[EXTRACTED DATA]
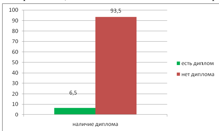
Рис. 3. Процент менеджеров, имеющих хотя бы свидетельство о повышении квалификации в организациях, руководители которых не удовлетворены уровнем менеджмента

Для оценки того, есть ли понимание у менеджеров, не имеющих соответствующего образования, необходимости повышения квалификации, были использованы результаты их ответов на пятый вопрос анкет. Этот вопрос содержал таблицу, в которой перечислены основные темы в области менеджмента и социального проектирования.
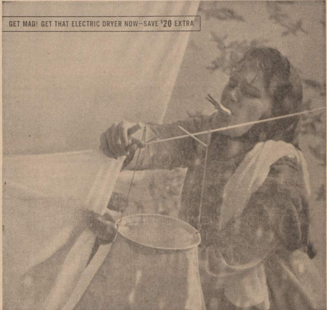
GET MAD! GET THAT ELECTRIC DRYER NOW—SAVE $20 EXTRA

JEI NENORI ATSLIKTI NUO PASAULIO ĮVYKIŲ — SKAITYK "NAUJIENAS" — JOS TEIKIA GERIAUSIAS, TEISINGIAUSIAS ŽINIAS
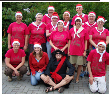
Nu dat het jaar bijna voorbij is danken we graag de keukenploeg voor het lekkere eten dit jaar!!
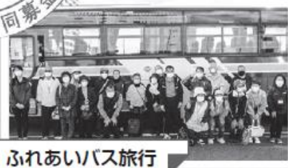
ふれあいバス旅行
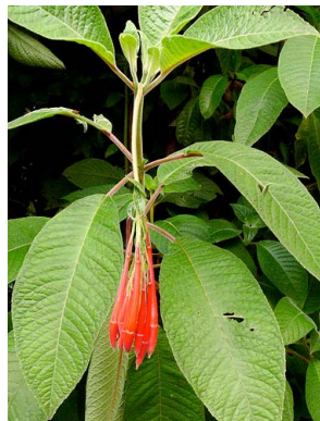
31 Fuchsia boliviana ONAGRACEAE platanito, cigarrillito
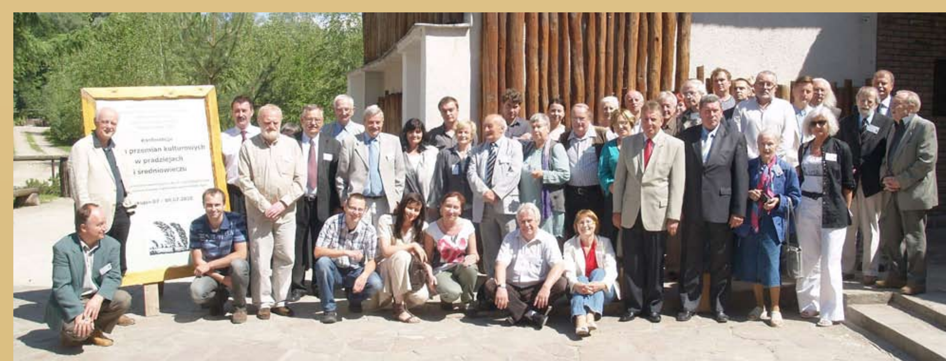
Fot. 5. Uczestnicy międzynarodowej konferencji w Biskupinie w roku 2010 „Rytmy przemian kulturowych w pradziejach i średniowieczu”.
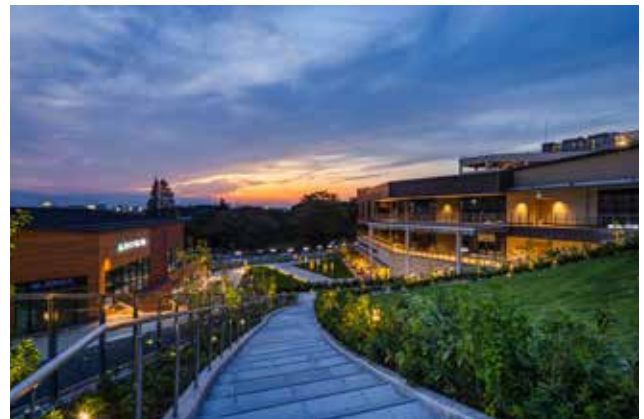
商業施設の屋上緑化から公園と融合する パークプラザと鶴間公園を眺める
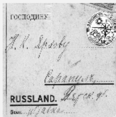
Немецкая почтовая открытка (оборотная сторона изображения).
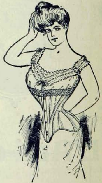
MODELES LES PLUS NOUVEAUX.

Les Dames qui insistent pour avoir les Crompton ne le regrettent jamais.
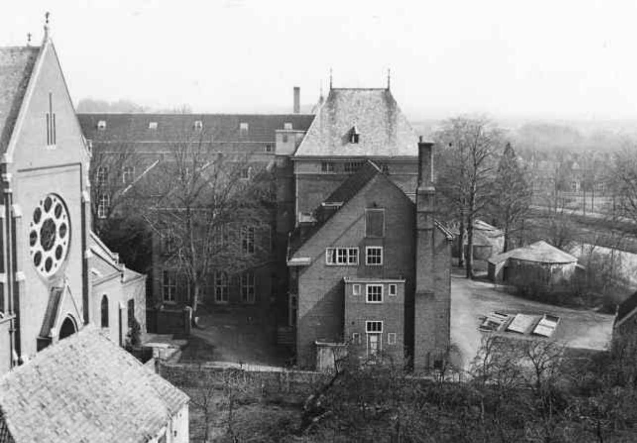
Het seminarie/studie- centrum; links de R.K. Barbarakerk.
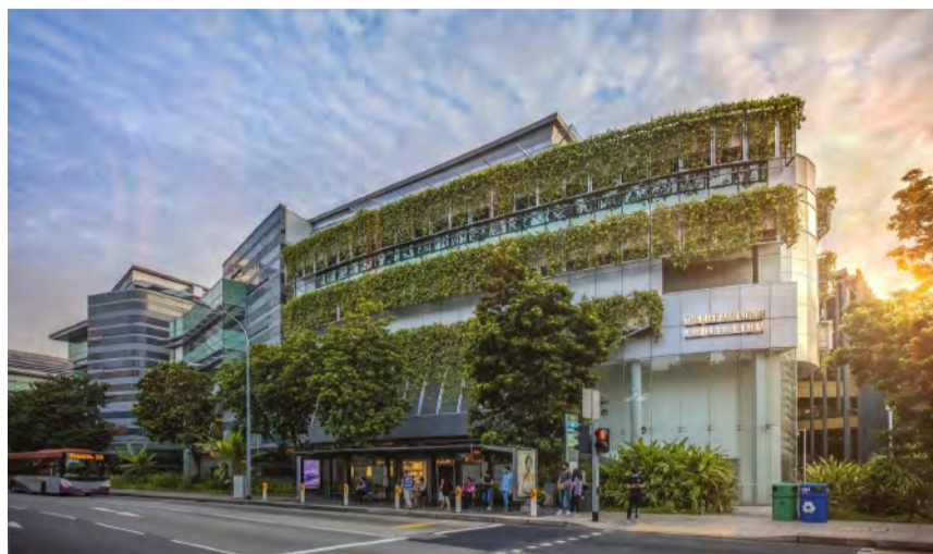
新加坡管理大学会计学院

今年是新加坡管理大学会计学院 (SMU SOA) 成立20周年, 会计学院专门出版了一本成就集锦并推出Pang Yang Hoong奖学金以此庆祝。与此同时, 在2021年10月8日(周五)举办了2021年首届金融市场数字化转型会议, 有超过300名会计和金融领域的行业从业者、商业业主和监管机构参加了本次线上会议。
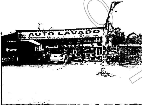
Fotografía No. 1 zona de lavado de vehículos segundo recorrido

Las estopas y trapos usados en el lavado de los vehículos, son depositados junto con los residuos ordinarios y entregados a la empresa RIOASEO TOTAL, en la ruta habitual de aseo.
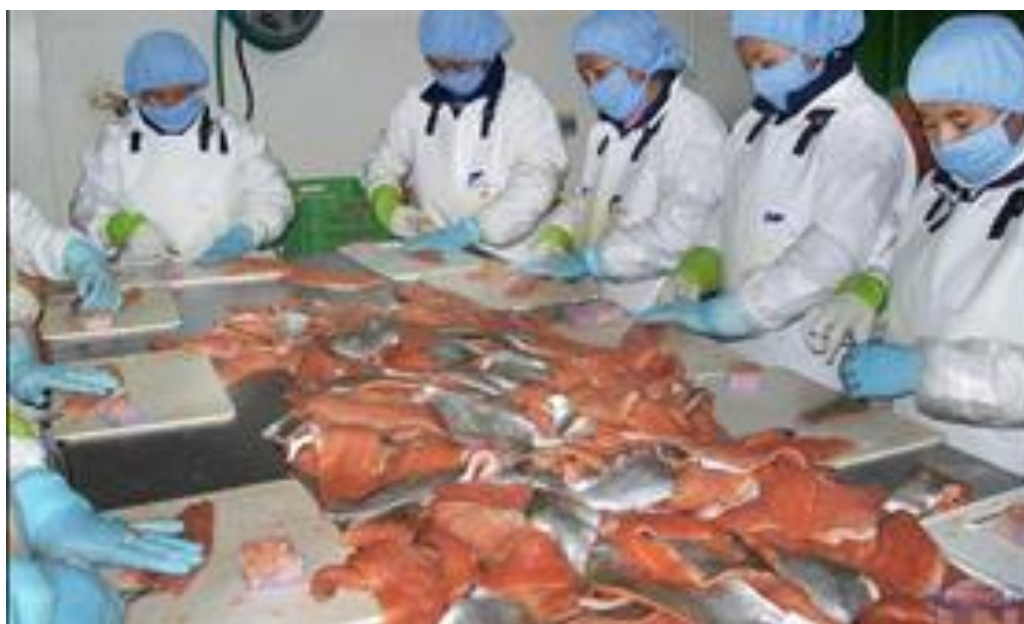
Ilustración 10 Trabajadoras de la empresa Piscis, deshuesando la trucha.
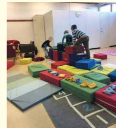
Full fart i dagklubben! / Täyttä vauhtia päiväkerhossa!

* * *

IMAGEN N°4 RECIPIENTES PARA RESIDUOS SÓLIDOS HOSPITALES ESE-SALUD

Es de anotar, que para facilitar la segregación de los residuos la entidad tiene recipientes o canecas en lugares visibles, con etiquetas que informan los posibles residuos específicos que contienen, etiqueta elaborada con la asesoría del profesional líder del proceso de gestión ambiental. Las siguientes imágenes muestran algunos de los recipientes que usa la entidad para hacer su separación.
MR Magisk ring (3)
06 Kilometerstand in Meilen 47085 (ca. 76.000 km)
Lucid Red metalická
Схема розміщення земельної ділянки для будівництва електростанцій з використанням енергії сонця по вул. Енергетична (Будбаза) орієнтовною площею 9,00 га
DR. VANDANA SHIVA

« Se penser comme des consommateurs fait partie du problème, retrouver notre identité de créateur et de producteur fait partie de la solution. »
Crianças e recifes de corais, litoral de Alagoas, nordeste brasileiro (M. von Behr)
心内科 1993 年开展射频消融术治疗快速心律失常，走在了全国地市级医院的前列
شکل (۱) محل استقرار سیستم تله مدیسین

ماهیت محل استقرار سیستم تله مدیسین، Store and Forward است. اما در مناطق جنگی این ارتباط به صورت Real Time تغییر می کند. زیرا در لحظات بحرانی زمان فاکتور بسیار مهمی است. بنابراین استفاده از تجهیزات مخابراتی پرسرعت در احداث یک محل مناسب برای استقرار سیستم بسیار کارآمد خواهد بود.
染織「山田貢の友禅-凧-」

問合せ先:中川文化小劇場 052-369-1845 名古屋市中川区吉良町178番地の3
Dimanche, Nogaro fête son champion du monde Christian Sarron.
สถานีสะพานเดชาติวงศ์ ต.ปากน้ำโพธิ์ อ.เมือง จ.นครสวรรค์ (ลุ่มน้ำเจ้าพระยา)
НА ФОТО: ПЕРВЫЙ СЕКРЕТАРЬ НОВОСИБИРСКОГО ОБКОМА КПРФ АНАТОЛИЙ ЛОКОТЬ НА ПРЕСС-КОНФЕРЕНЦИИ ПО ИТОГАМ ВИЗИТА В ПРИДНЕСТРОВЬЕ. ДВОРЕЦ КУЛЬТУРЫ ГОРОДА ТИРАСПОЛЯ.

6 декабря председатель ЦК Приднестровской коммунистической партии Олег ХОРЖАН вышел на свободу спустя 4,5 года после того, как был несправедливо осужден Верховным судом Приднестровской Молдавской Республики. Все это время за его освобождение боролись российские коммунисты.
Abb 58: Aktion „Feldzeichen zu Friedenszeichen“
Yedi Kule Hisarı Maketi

[EXERCISE REQUIREMENTS] In the data, find how many lines hold the string "менеджеров", and answer with the number only.

[SOLUTION TO THE PROBLEM] 2